То немногое, что и оставалось от разрядки 70-х годов, ушло в прошлое за одну последнюю неделю десятилетия, когда началось советское вторжение в Афганистан. Во время коммунистического переворота апреля 1978 года руководитель республиканского режима Мухаммед Дауд был убит вместе со всей своей семьей. Выбор преемника Дауда лежал между Бабраком Кармалем, который возглавлял фракцию Парчам Афганской коммунистической партии, и Hyp Мухаммедом Тараки, лидером фракции Хальк. Московский центр поддерживал Кармаля, который многие годы был агентом КГБ. Но Тараки взял верх, во многом при поддержке Брежнева, на которого произвел сильное впечатление во время их короткой встречи. Кармаль нашел прибежище в Чехословакии. В сентябре 1979 года Тараки был убит заместителем премьер-министра Хафизуллой Амином. Москва закрыла на это убийство глаза, поздравила Амина с его «избранием» и выразила «убежденность, что и в будущем братские отношения между Советским Союзом и революционным Афганистаном будут развиваться на основе Договора о дружбе, добрососедстве и сотрудничестве.» Однако Центру уже был ясен его близкий конец. Сводки из кабульской резидентуры сообщали о жестокой оппозиции Амина со стороны исламских лидеров, об угрозе мятежа в афганской армии и неминуемом экономическом крахе.

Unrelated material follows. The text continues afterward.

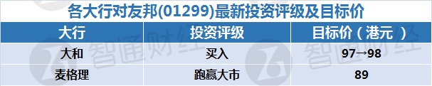 三、各大行对友邦(01299)最新投资评级及目标价

Как и вся операция КГБ против иностранных политических лидеров, устранение Амина обсуждалось Политбюро. В конце концов Политбюро дало положительный ответ. Вслед за реорганизацией, проведенной после побега Олега Лялина на Запад в 1971 году, который и рассказал всем о существовании отдела в ПГУ, занимавшегося «мокрыми делами» и другими «специальными мерами», эти функции перешли во вновь образованный 8 отдел Управления С, занимавшийся нелегалами. В качестве убийцы Амина 8 отдел отобрал подполковника Михаила Талебова, азербайджанца, который несколько лет провел в Кабуле и мог сойти за афганца. Поздней осенью 1979 года Талебов прибыл в Кабул с ядом, полученным в 8 отделе. Выдавая себя за шеф-повара афганца, он получил работу на кухнях президентского дворца. Однако, по данным Владимира Кузичкина, который через несколько лет сбежал из Управления С, «Амин был осторожен не менее семейства Борджиа. Он постоянно менял пищу и напитки, как будто боялся быть отравленным».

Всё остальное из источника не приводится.